======== SUPPLIED MATERIAL ========

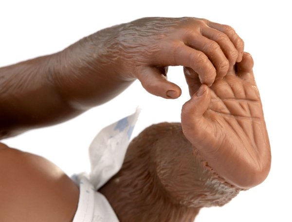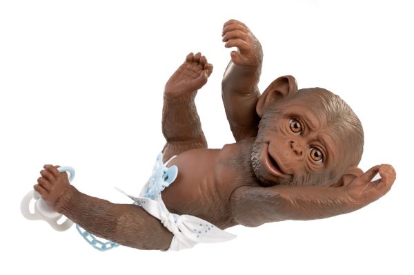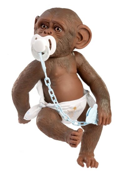 Veselé a roztomilé opičie bábätko bez zvuku s vinylovým telom s možnosťou kúpania, na ktorom je zachytený vierohodne každý detail tohto zvieracieho mláďatká vrátane rôznych záhybov, okrem pohlavia. Opičku je možné kúpať, ale je potrebné dať pozor, aby sa jej nenamočili riasy. Odlepené riasy nie sú potom dôvodom na reklamáciu. Ruky a nohy sú k telu prichytené kĺbom. Opičie bábätko je polohovacie a môže aj sedieť alebo sa dá zavesiť za ruky alebo nohy. Cumlík v balení slúži iba ako doplnok. Veľkosť 32 cm. Ručne vyrobené v Španielsku, balené v darčekovej krabici. Odporúčaný vek od 3 rokov.
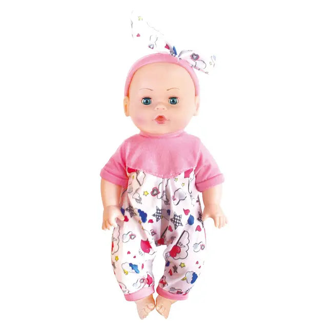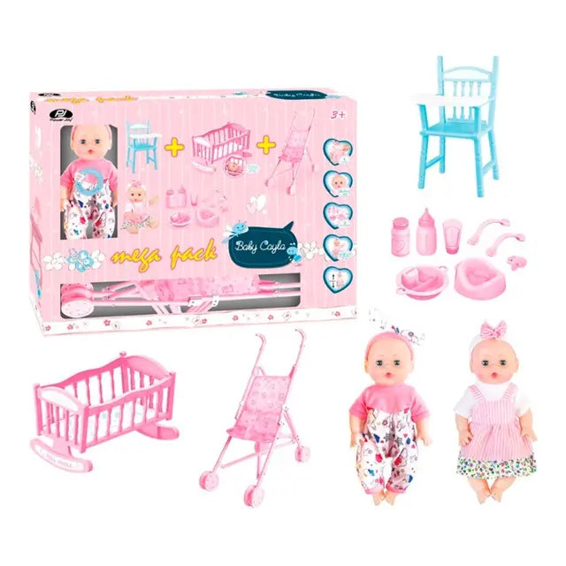 تحتوي المجموعة على دمية تصميم جميل بطول 31 سم وعربية للدمية وكراسي وسرير وملحقات للشرب. عينان وابتسامة واقعية لتكون رفيقة طفلتكِ المقربة. اضغطي لتستمتعي مع 4 أصوات واقعية لمتعة لا نهاية لها. تعمل بالبطارية متوفرة بتصميمين وسيتم إرسال التصميم المتوفر.
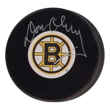 Boston Bruins Logo Hockey Puck. Hand-signed by Don Cherry. Please note, there are minor stains throughout the puck.
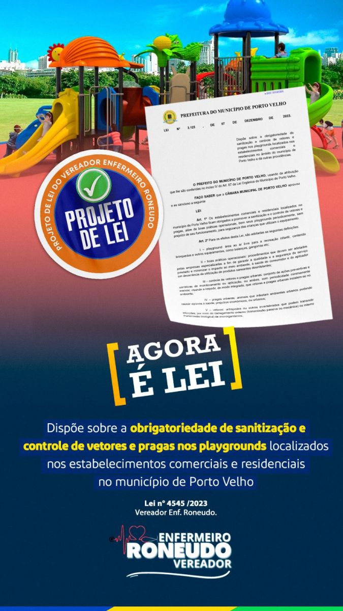 Foi sancionado o Projeto de Lei n.º 4545, de autoria do Vereador Enfermeiro Roneudo, o qual dispõe sobre a obrigatoriedade de sanitização e controle de vetores e pragas nos playgrounds localizados nos estabelecimentos comerciais e residenciais no âmbito do município de Porto Velho.
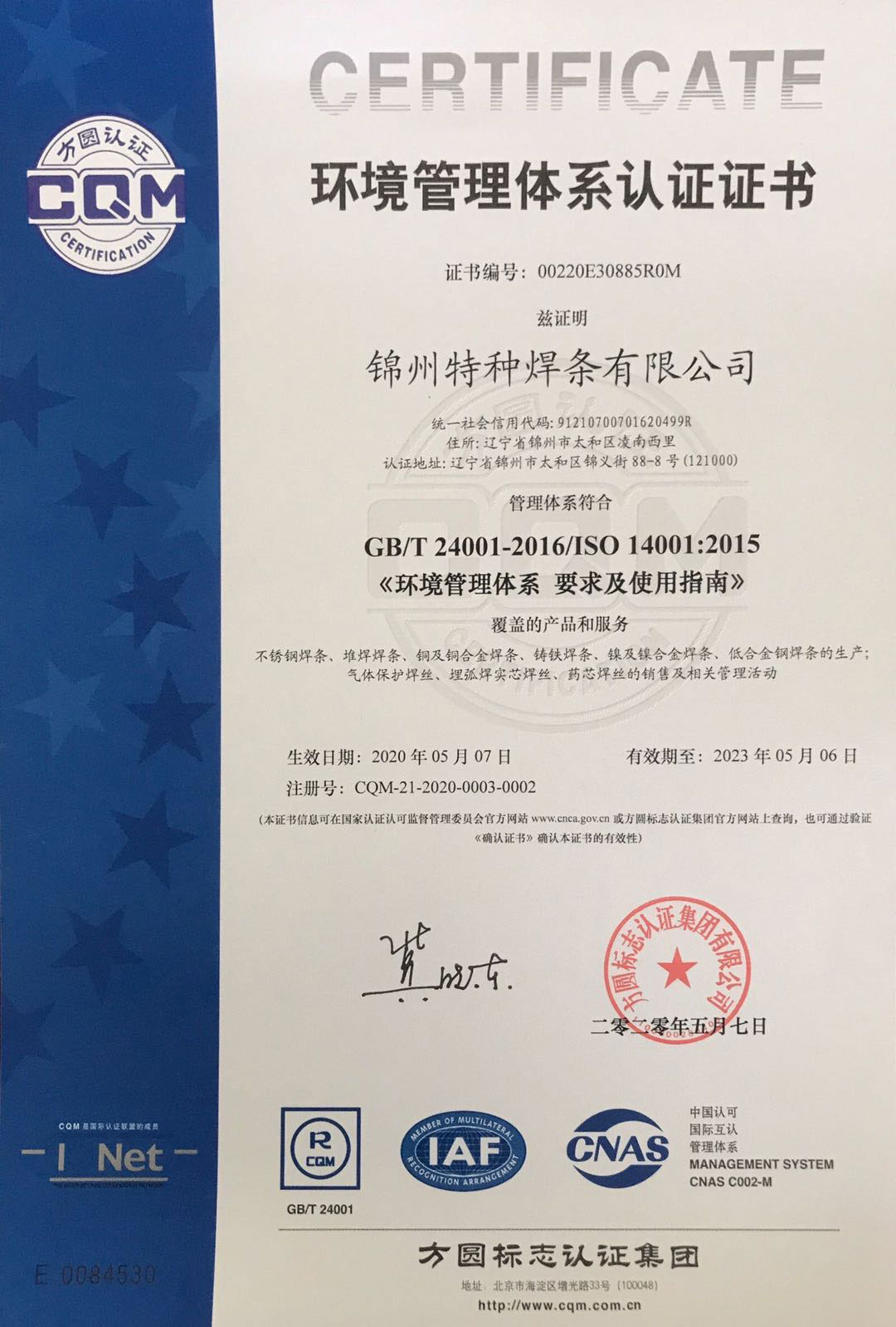 Certification Name:環(huán)境管理體系認(rèn)證證書
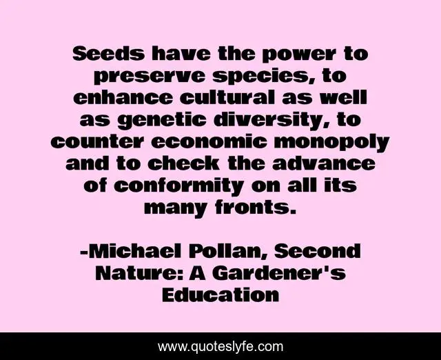 This page presents the quote "Seeds have the power to preserve species, to enhance cultural as well as genetic diversity, to counter economic monopoly and to check the advance of conformity on all its many fronts.". Author of this quote is Michael Pollan, Second Nature: A Gardener's Education. This quote is about diversity, garden, nature, preservation, seeds, gardening, nonconformity,.
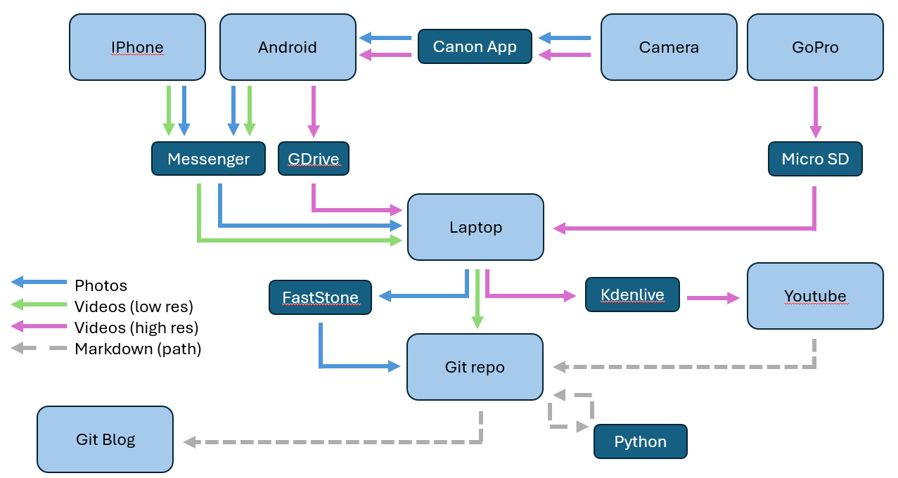 GoPro videos were easy to transfer: I simply plugged the micro-SD card into the laptop and moved files across. For high-res phone videos I bit the bullet and transferred them into Gdrive and then to the laptop, ideally when we had campsite wifi to use. for the Camera videos I had to transfer them to my phone via the Canon App bluetooth/wifi, and then to GDrive and the laptop.
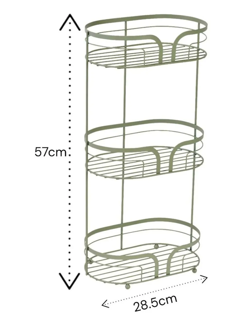 The freestanding Dante Floor Caddy solves your Bathroom storage problems with three baskets ready to house your toiletries: soaps, shampoos and sponges. Crafted from wire steel with powder coated matt Sage Green finish, this Floor Caddy is durable and long lasting. Dimensions: 57cm x 28.5cm x 18.5cm Size: ONE. Height 57cm Width 28.5cm Depth 18.5cm Wipe clean only.
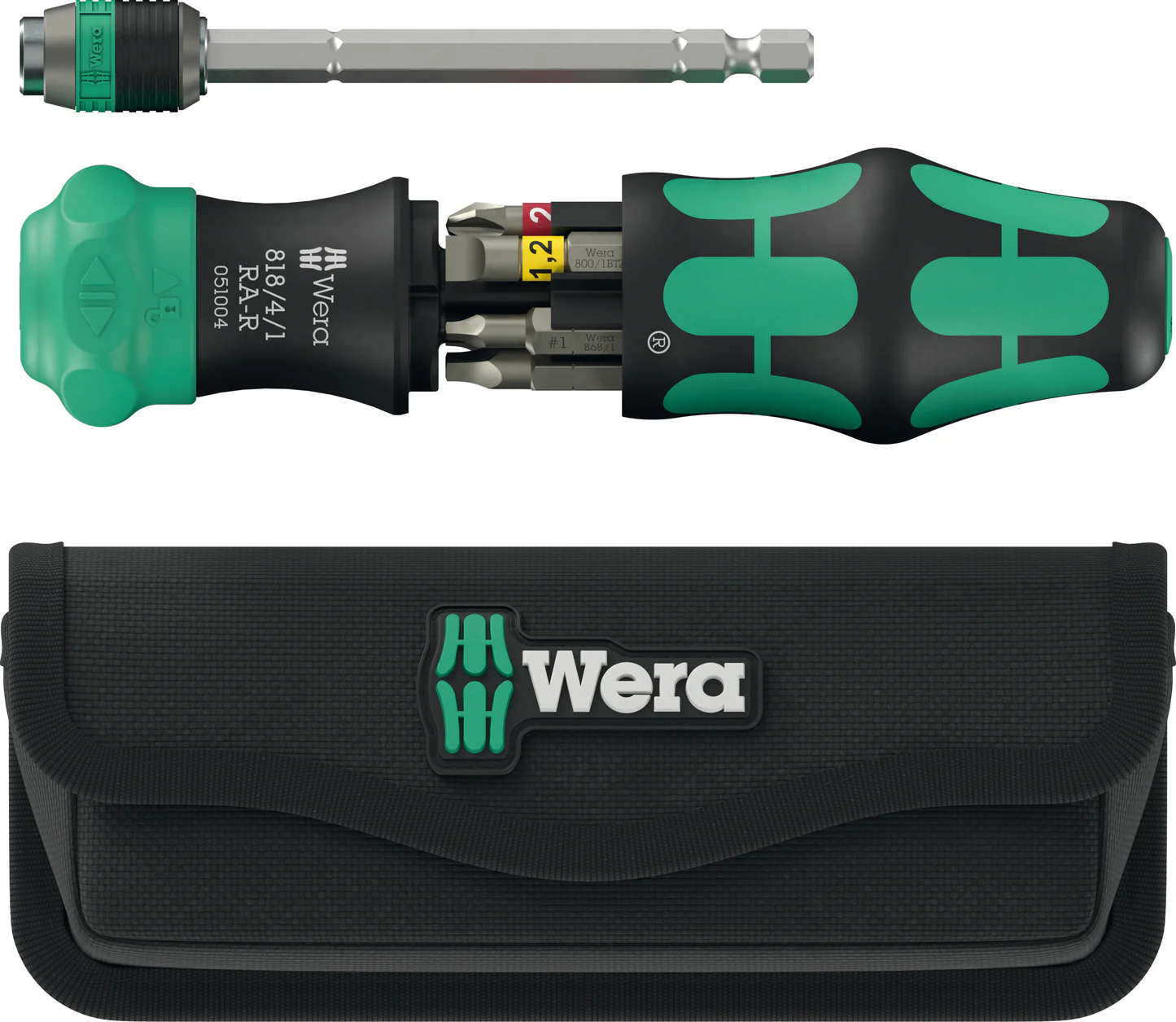 A 6 darabos Wera Kraftform Kompakt 26 RA-R szett tartalmaz egy racsnis kézi csavarhúzót és hat különböző, 25 mm hosszú BiTorsion bittet. A kézitartó hatszögű foglalattal rendelkezik, mely minden 1/4" hatszögű meghajtással rendelkező bithegyhez alkalmas. A gyorscserés Rapidaptor tokmány lehetővé teszi a gyors bitcserét, további szerszámok nélkül, és biztos tartást kínál a biteknek. A teleszkópos penge a markolatba visszahúzható, így szűk helyeken is könnyen használható.
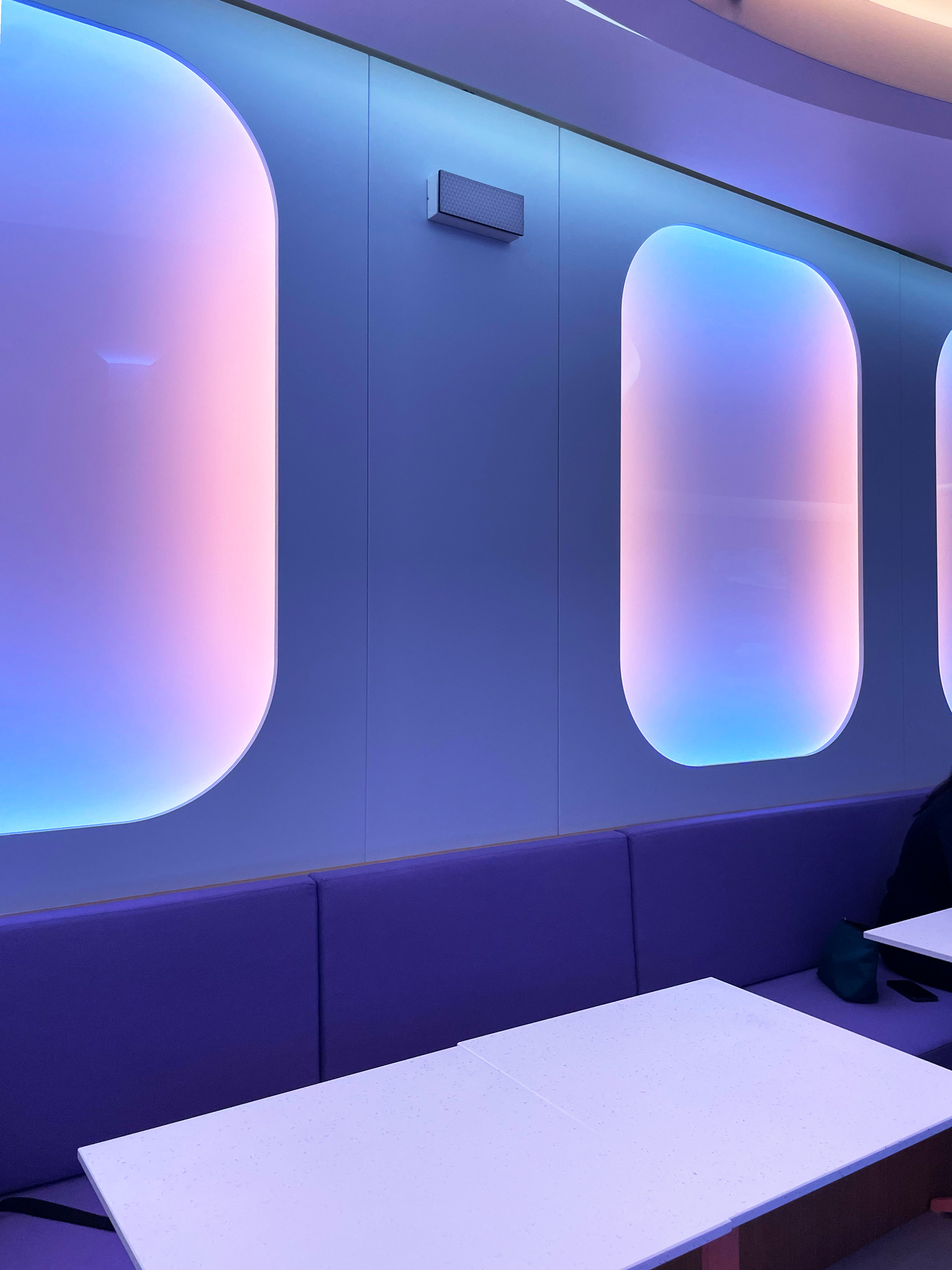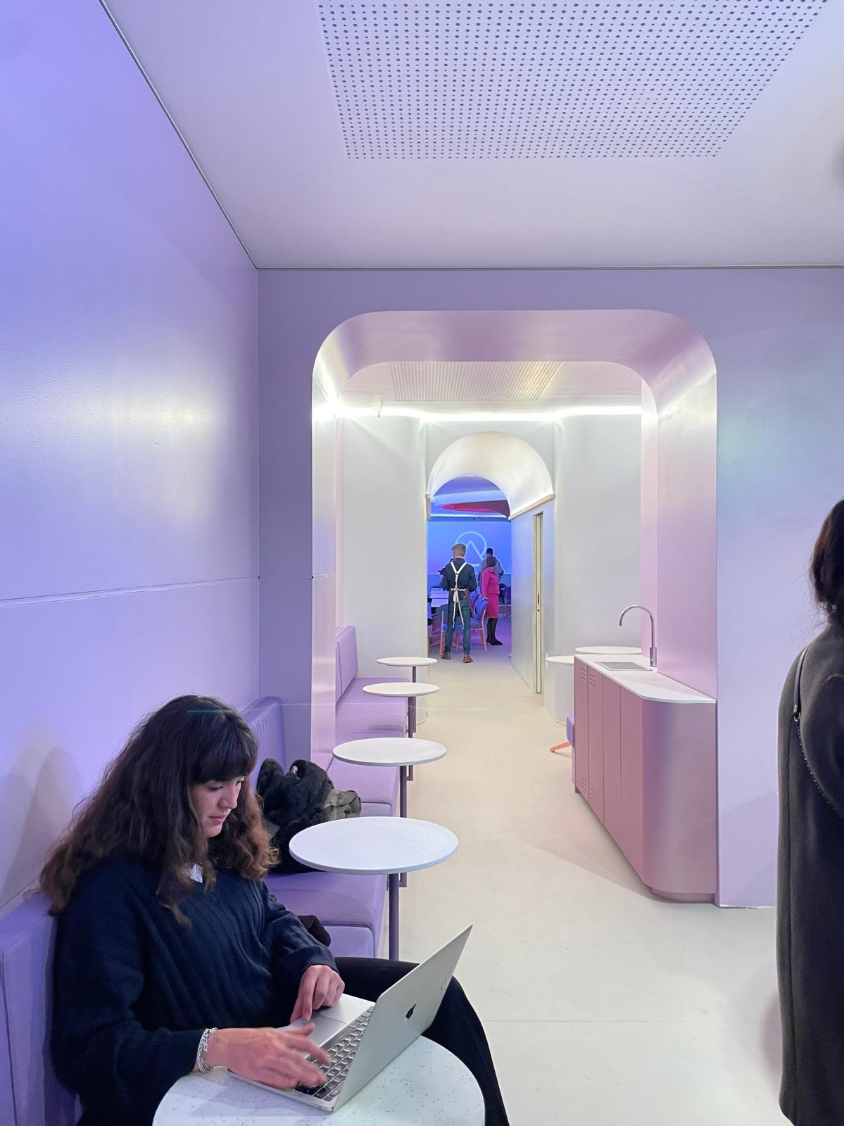 L'identité de la communauté Avalon s'incarne dans le choix singulier des couleurs et matières, dans une palette de roses, mauves et violets.
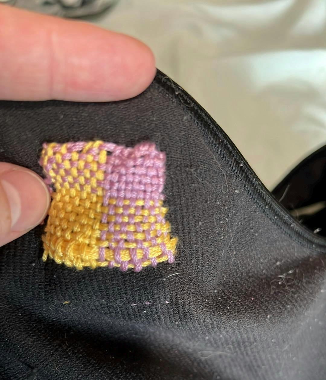 This ingenious device allows you to easily warp your mending thread over the area in need of repair. Simply swipe the hooks from side to side to weave your thread through your warped threads and create a stylish patch! It is beautifully designed, comfortable and practical for all your darning, repairing and little art weaving tasks. Fixing holes in jeans, socks and shirts is quick and easy with a Speedweve-style loom.
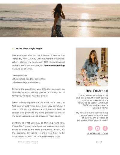 Inside this 16-page pdf you'll find strategies, worksheets and eye-opening and magical time management strategies that help you unlock more alignment and more freedom in your business and life.
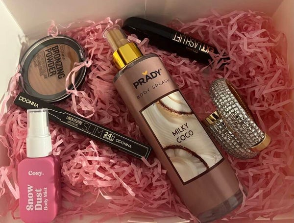 1 brume corps et cheveux, 1 mascara, 1 liner sourcils brun, 1 bracelet tendance, 1 mini brume de sac et 1 terracotta
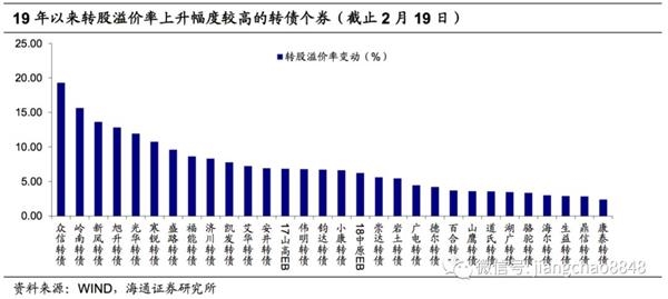 但本轮转债的反弹不只是股市上涨的推动。在转债的反弹过程中(1月21-31日)曾一度伴随着估值的回升,这在历次转债的上涨中是比较少见的,表明转债市场本身也走出了一定的独立行情。那么哪些转债在拉估值?我们统计了19年以来转债个券和对应正股的涨跌幅,131只转债个券中,有42只转债涨幅超过正股,导致溢价率明显上升。其中溢价率上升幅度最高的是众信转债(+19.3%)、岭南转债(+15.7%)、新凤转债(+13.6%)等。总结下来主要是两类:

========

▶ [TASK TO COMPLETE]: Your response must consist of the lines from the beginning of the data through the line containing "Boston Bruins Logo", transcribed exactly, with no pictures.

▶ [FINAL ANSWER]:
 Veselé a roztomilé opičie bábätko bez zvuku s vinylovým telom s možnosťou kúpania, na ktorom je zachytený vierohodne každý detail tohto zvieracieho mláďatká vrátane rôznych záhybov, okrem pohlavia. Opičku je možné kúpať, ale je potrebné dať pozor, aby sa jej nenamočili riasy. Odlepené riasy nie sú potom dôvodom na reklamáciu. Ruky a nohy sú k telu prichytené kĺbom. Opičie bábätko je polohovacie a môže aj sedieť alebo sa dá zavesiť za ruky alebo nohy. Cumlík v balení slúži iba ako doplnok. Veľkosť 32 cm. Ručne vyrobené v Španielsku, balené v darčekovej krabici. Odporúčaný vek od 3 rokov.
 تحتوي المجموعة على دمية تصميم جميل بطول 31 سم وعربية للدمية وكراسي وسرير وملحقات للشرب. عينان وابتسامة واقعية لتكون رفيقة طفلتكِ المقربة. اضغطي لتستمتعي مع 4 أصوات واقعية لمتعة لا نهاية لها. تعمل بالبطارية متوفرة بتصميمين وسيتم إرسال التصميم المتوفر.
 Boston Bruins Logo Hockey Puck. Hand-signed by Don Cherry. Please note, there are minor stains throughout the puck.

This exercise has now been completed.